Supplied data:
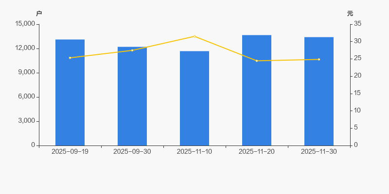 截至2025年11月30日,公司最新总股本为1.38亿股,其中流通股本为9834.14万股。户均持有流通股数量由上期的7201股上升至7336股,户均流通市值18.23万元。
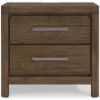 This nightstand sits comfortably at the intersection of modern lodge and farmhouse aesthetics. Your warm and welcoming disposition is reflected in the charming architectural elements and light brown glazed finish. Even with its poise, the nightstand remains practical. Included USB ports keep you charged up for late-night scrolling, defining your bedroom with reliable function and style. Made with hardwood solids, hickory veneer and MDF substrates. Light brown glazed finish to enhance the natural wood grain characteristics. Handles with aged pewter-tone finish. 2 drawers with fully finished interior, dovetail construction and ball-bearing side glides. 110V power supply with dual USB charging ports. Power cord included; UL Listed.
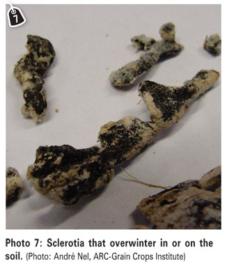 The fungus overwinters as sclerotia (Photo 7) in the soil and in plant debris. Sclerotia may survive for up to four years in the soil. In summer when sunflower roots come in contact with the sclerotia, the sclerotia germinate and infect the roots.

Task requirements: Both the line containing "This nightstand sits" and the last line of the listing above belong in the copy, along with every line between them; retype them exactly and omit the pictures.

Task response:
 This nightstand sits comfortably at the intersection of modern lodge and farmhouse aesthetics. Your warm and welcoming disposition is reflected in the charming architectural elements and light brown glazed finish. Even with its poise, the nightstand remains practical. Included USB ports keep you charged up for late-night scrolling, defining your bedroom with reliable function and style. Made with hardwood solids, hickory veneer and MDF substrates. Light brown glazed finish to enhance the natural wood grain characteristics. Handles with aged pewter-tone finish. 2 drawers with fully finished interior, dovetail construction and ball-bearing side glides. 110V power supply with dual USB charging ports. Power cord included; UL Listed.
 The fungus overwinters as sclerotia (Photo 7) in the soil and in plant debris. Sclerotia may survive for up to four years in the soil. In summer when sunflower roots come in contact with the sclerotia, the sclerotia germinate and infect the roots.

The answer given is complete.